По-прежнему молча я стою и жду, глядя, как все больше меняясь в лице, она приближается вплотную, каким все более грузным, как будто давящим землю, становится ее шаг, как медленно (а, может, это просто иллюзия, вызванная моей заторможенностью) описывая дугу в воздухе, поднимается ее ладонь и звонкий, и, в то же время, до тошноты плотный звук удара, заставляет мою голову дернуться, на секунду ослепляя и вспыхивая перед глазами яркой вспышкой.
Только спустя мгновение я понимаю, что стою перед ней, чудом удержавшись на ногах и прикрывая рукой горящую после удара щеку, в то время как она, с видимым трудом сдерживая желание ударить еще раз, открывает рот и кричит мне что-то, но я, опять же, не сразу улавливаю, о чем речь.
— …что ты сделала?! Такая твоя благодарность?! Ты что, думаешь, я это сглотну и оботрусь? Думаешь, управы на тебя нету? Так я быстро найду! Я тебе всю дурь! Из головы! Выбью!

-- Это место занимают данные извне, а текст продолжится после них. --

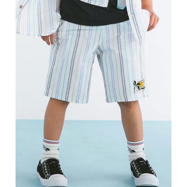 パンツ 「お揃い」無地ストライプ柄リバーシブルハーフパンツ(80~130cm) キッズ 子供服 男の子
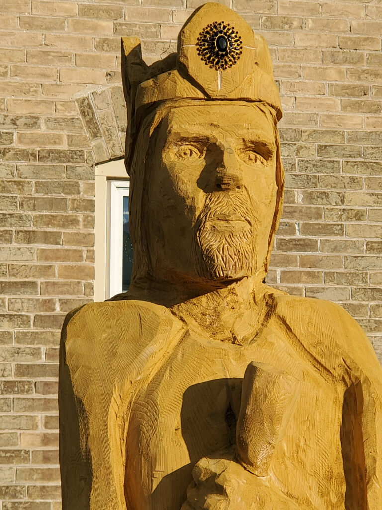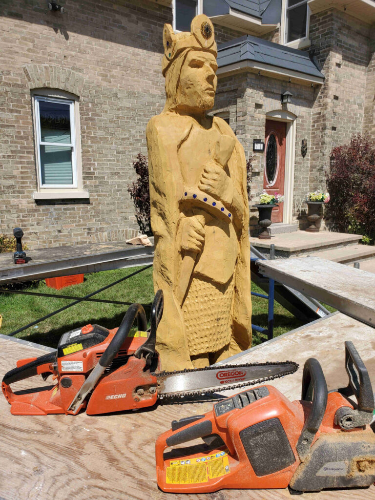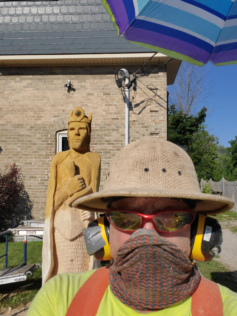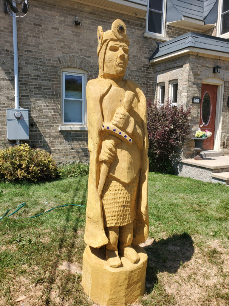 This new Aragorn King is carved in a local cedar log and has appropriate King bling for all to admire.

Град ударов снова сыпется на меня — мне кажется, у неё не две руки, а десять. Совсем не понимая, что происходит, я только стараюсь не упустить из виду камеру, которая съехала с плеча и сейчас болтается на локте, который я прижимаю к себе, зная одно — я не должна уронить фотоаппарат, не должна. Здесь твердый асфальт, он разобьётся, обязательно разобьётся, а там работы, которые я не успела скопировать в облако, а значит, они пропадут.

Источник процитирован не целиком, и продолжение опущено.